[Recorded data]
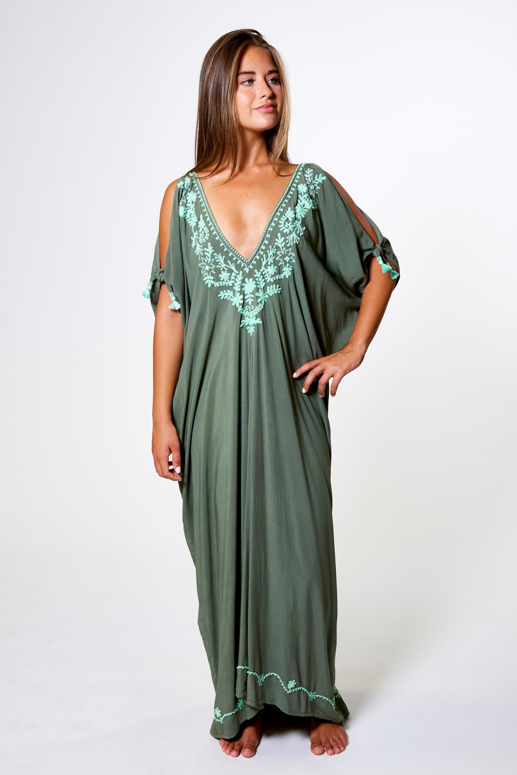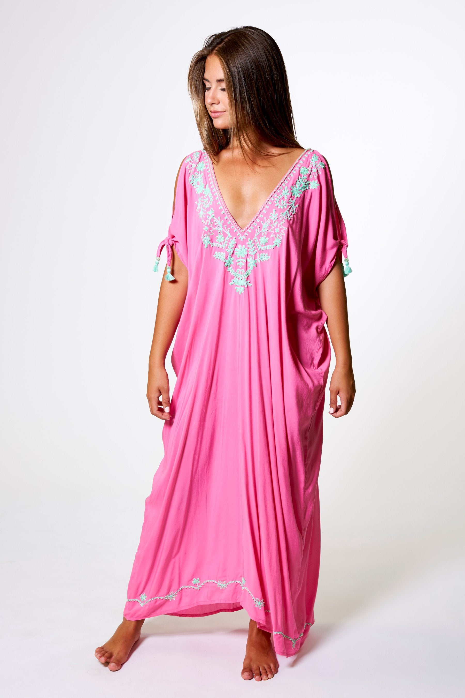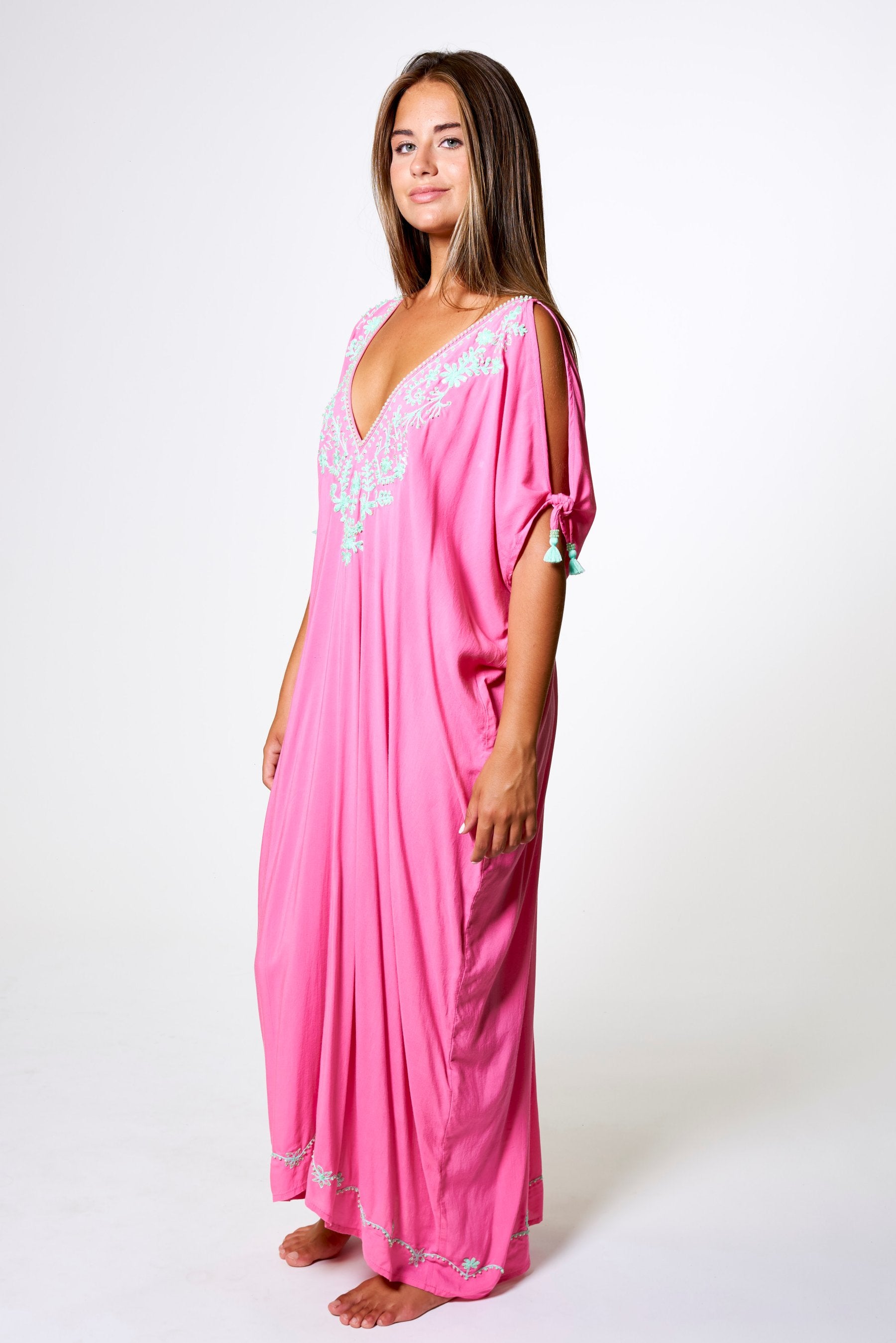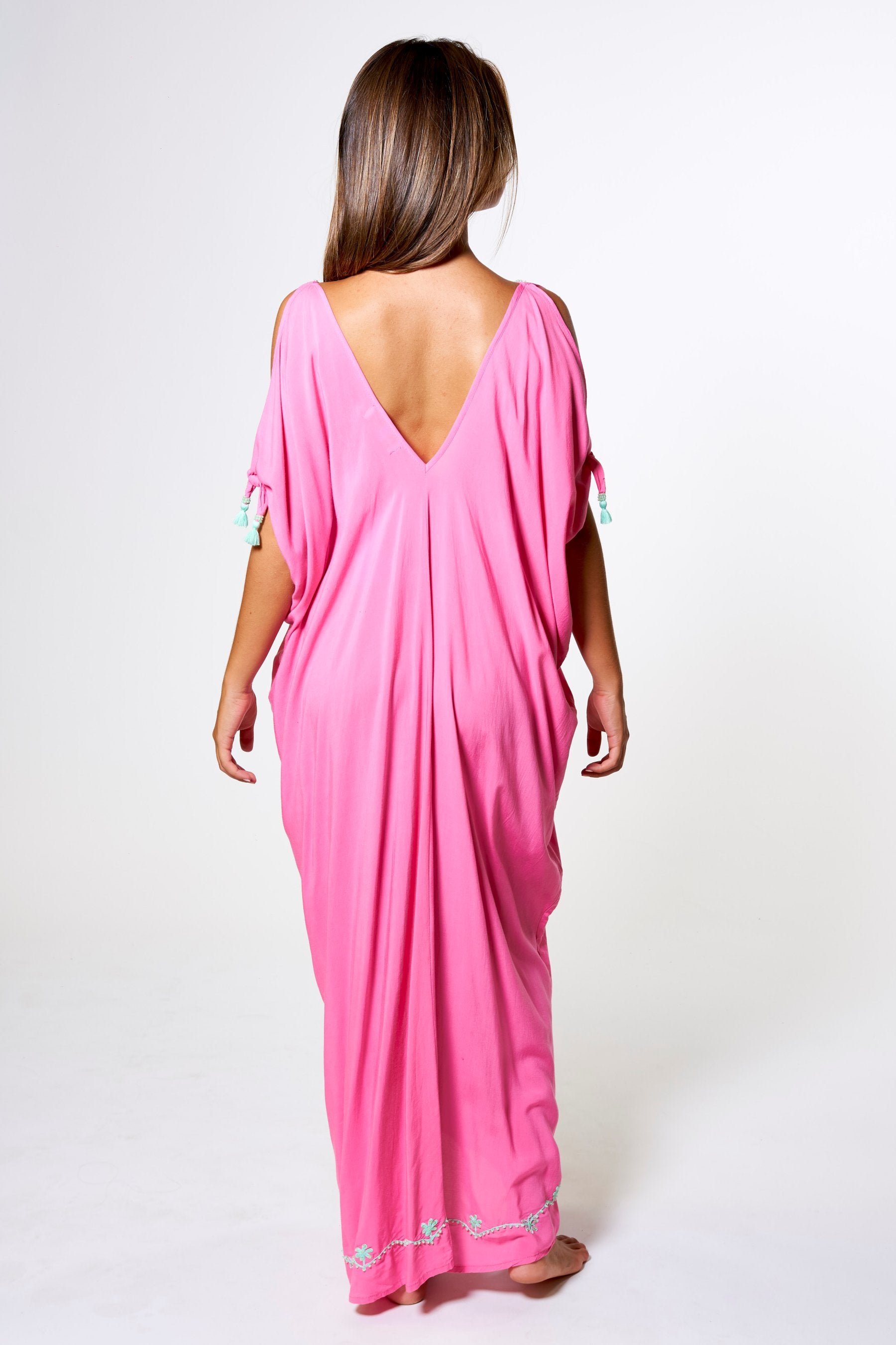 Vestido largo estilo caftán que destaca por su diseño holgado y elegante. Sus mangas, que dejan el brazo prácticamente al descubierto y se ajustan con una lazada justo por encima del codo, aportan un toque distintivo. El escote en forma de V, tanto en el pecho como en la espalda, realza la silueta, mientras que los bordados a contraste que adornan el contorno del escote y el bajo añaden un detalle sofisticado. Además, el vestido se presenta en los nuevos colores de la temporada, y sus bordados exclusivos han sido diseñados en Barcelona y bordados artesanalmente en Bali, reflejando una fusión de culturas y tendencias.
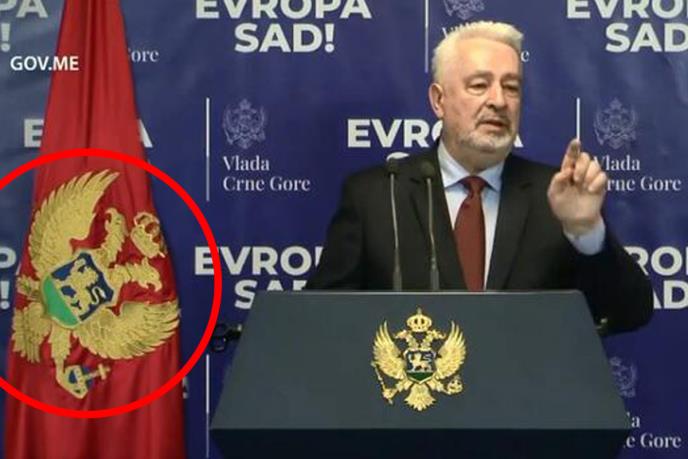 Tokom današnje press konferencije, iza premijera Zdravka Krivokapića nalazila se zastava Crne Gore koja očito nije bila u skladu sa onim što je propisano aktima o državnim simbolima.
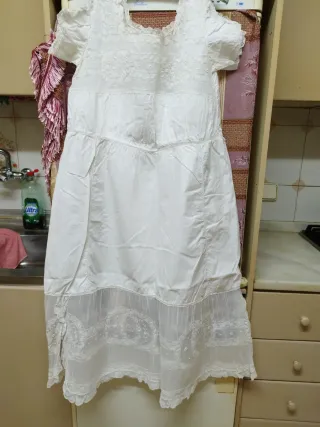 Vestido antiguo de comunión, confeccionado a mano con delicado encaje. - Diseño clásico y atemporal. - Detalles de encaje intrincado en el corpiño y mangas. - Bajo con volantes y puntilla. Con bolsito de seda y abrazadera de seda
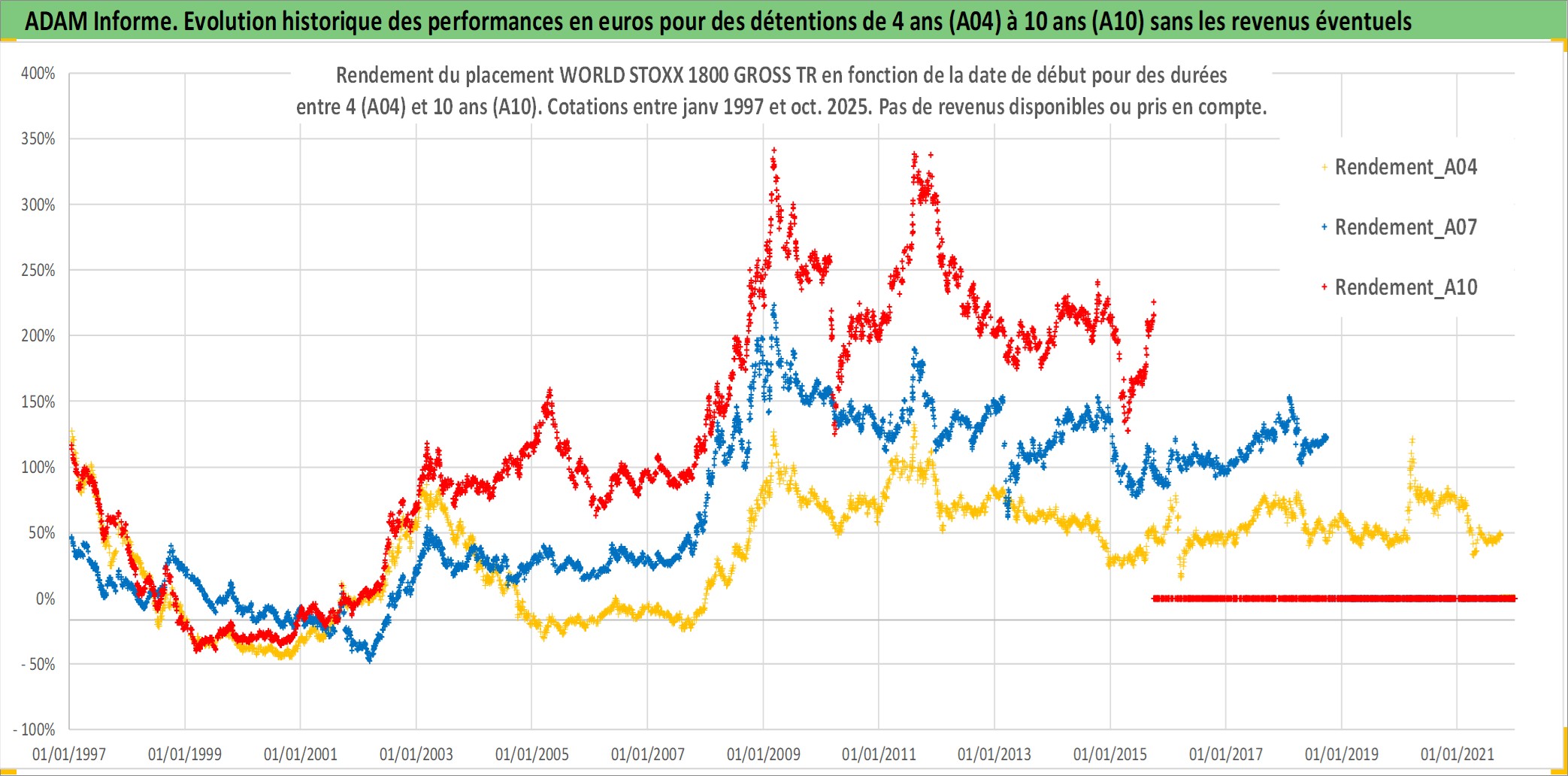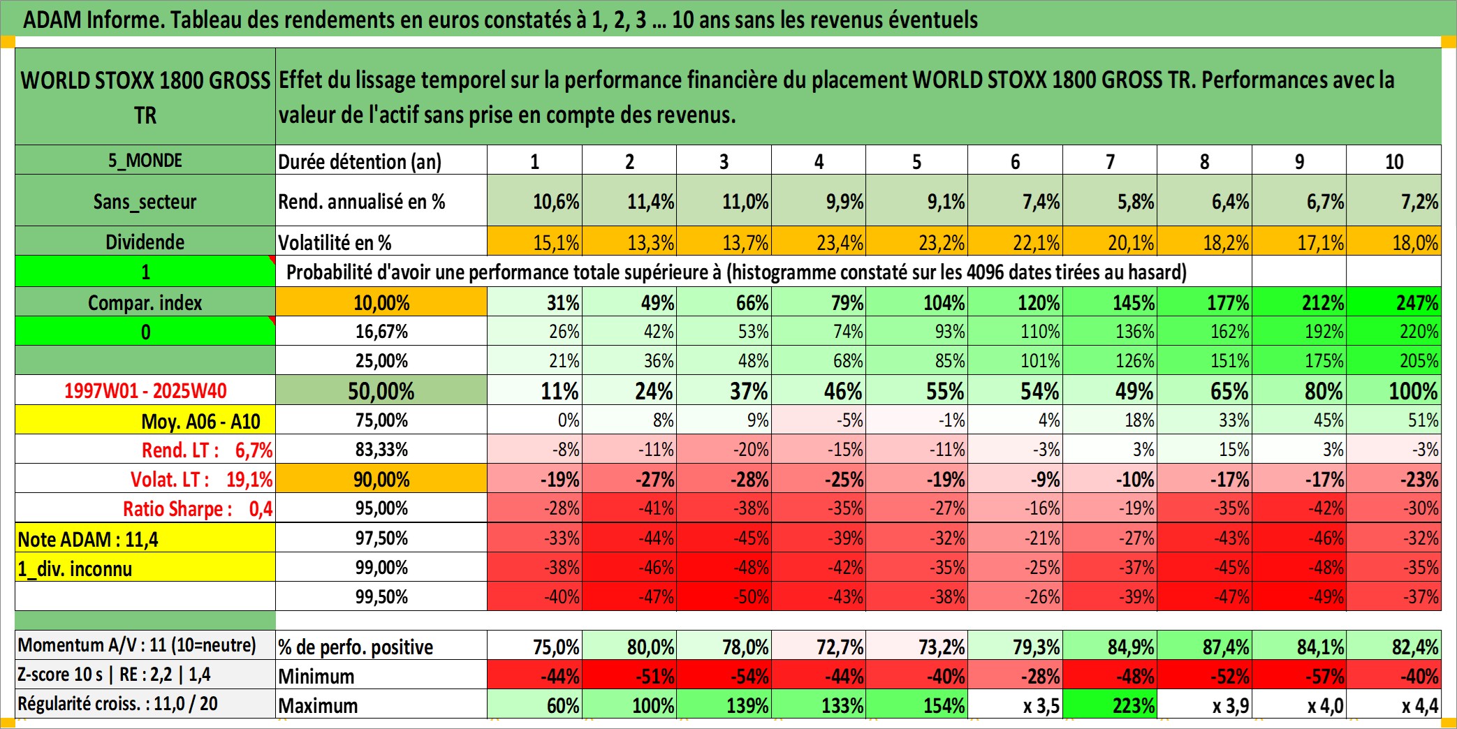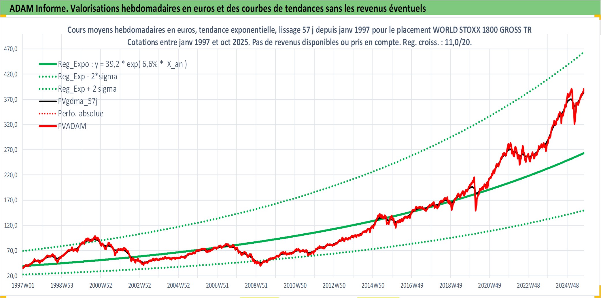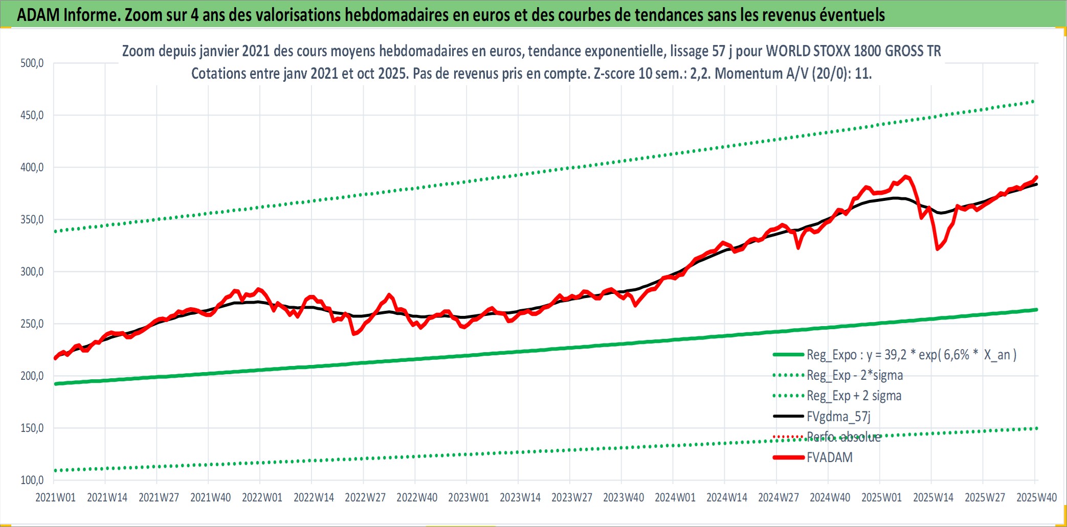 Site dédié aux investisseursPage dédiée sur site financeAnalyse des valorisations hebdomadaires de l'actif WORLD STOXX 1800 GROSS TR. Cet actif est cote en USD. Les valorisations sont en contrevaleur EURO et couvrent les semaines 1997W01 a 2025W40. Les revenus de cet actif financier ne sont pas connus car non existants ou non disponibles sur le site Yahoo Finance. La note ESG de cet actif n'est pas connue.
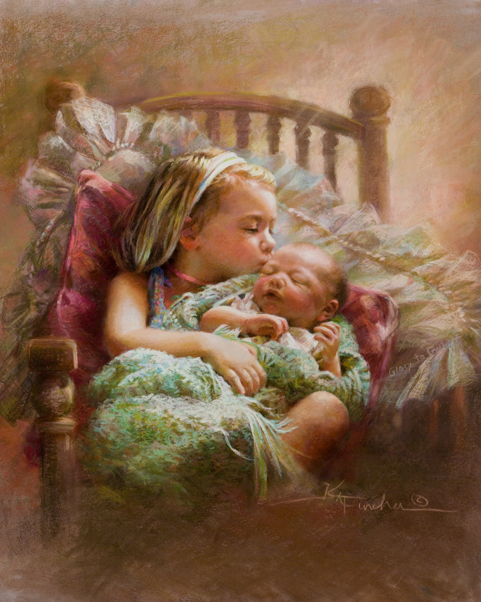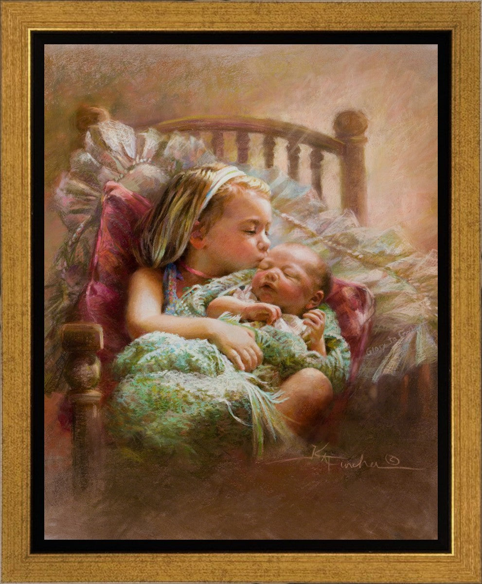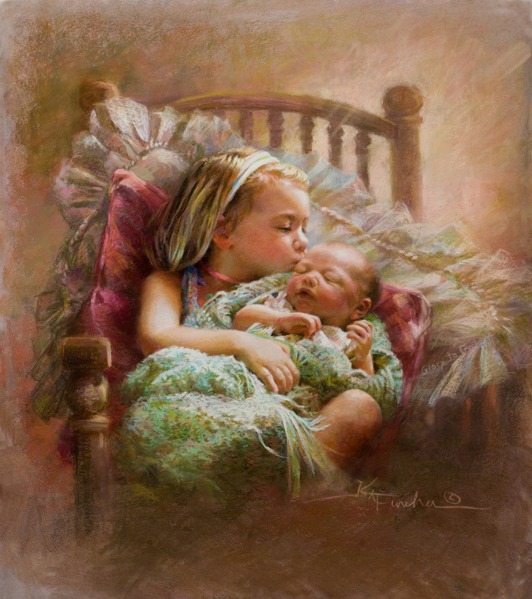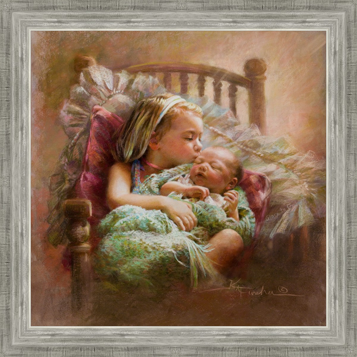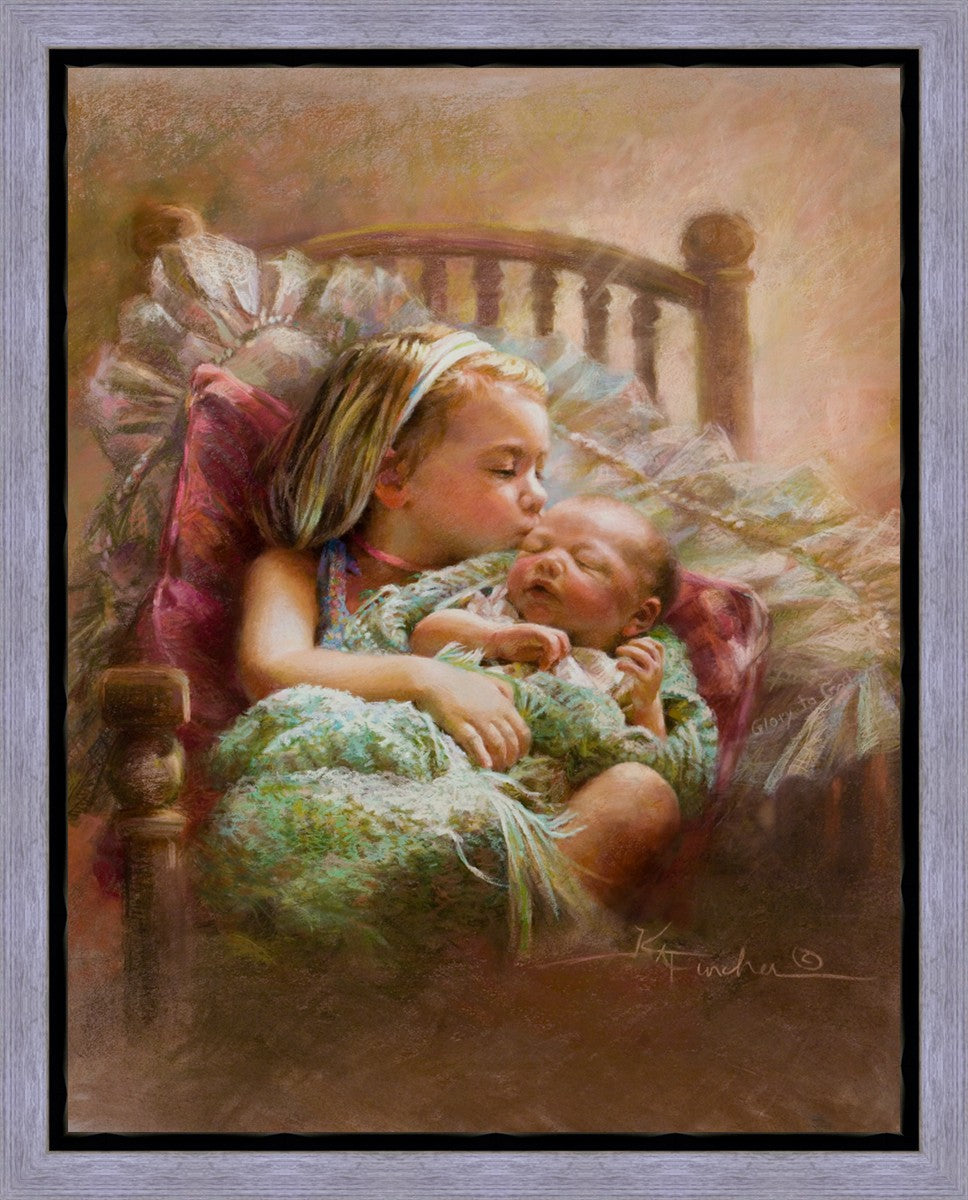 In Fresh from Heaven, an important part of this story lies on the floor, just beyond the painting’s frame. A doll that was once new, now worn from love, is tossed aside at the invitation to hold a living, breathing baby. Mom has prepared the generations-old rocking chair for the introduction. After securing pillows to support and cradle the baby, Mom positions her inquisitive child and places a sleeping baby in her open arms. And … the long-awaited union begins with a kiss.

• WHAT YOU SHOULD DO
Would you write out the data exactly, with no pictures in the copy?

• OUTPUT FOR THIS EXERCISE
 Vestido largo estilo caftán que destaca por su diseño holgado y elegante. Sus mangas, que dejan el brazo prácticamente al descubierto y se ajustan con una lazada justo por encima del codo, aportan un toque distintivo. El escote en forma de V, tanto en el pecho como en la espalda, realza la silueta, mientras que los bordados a contraste que adornan el contorno del escote y el bajo añaden un detalle sofisticado. Además, el vestido se presenta en los nuevos colores de la temporada, y sus bordados exclusivos han sido diseñados en Barcelona y bordados artesanalmente en Bali, reflejando una fusión de culturas y tendencias.
 Tokom današnje press konferencije, iza premijera Zdravka Krivokapića nalazila se zastava Crne Gore koja očito nije bila u skladu sa onim što je propisano aktima o državnim simbolima.
 Vestido antiguo de comunión, confeccionado a mano con delicado encaje. - Diseño clásico y atemporal. - Detalles de encaje intrincado en el corpiño y mangas. - Bajo con volantes y puntilla. Con bolsito de seda y abrazadera de seda
 Site dédié aux investisseursPage dédiée sur site financeAnalyse des valorisations hebdomadaires de l'actif WORLD STOXX 1800 GROSS TR. Cet actif est cote en USD. Les valorisations sont en contrevaleur EURO et couvrent les semaines 1997W01 a 2025W40. Les revenus de cet actif financier ne sont pas connus car non existants ou non disponibles sur le site Yahoo Finance. La note ESG de cet actif n'est pas connue.
 In Fresh from Heaven, an important part of this story lies on the floor, just beyond the painting’s frame. A doll that was once new, now worn from love, is tossed aside at the invitation to hold a living, breathing baby. Mom has prepared the generations-old rocking chair for the introduction. After securing pillows to support and cradle the baby, Mom positions her inquisitive child and places a sleeping baby in her open arms. And … the long-awaited union begins with a kiss.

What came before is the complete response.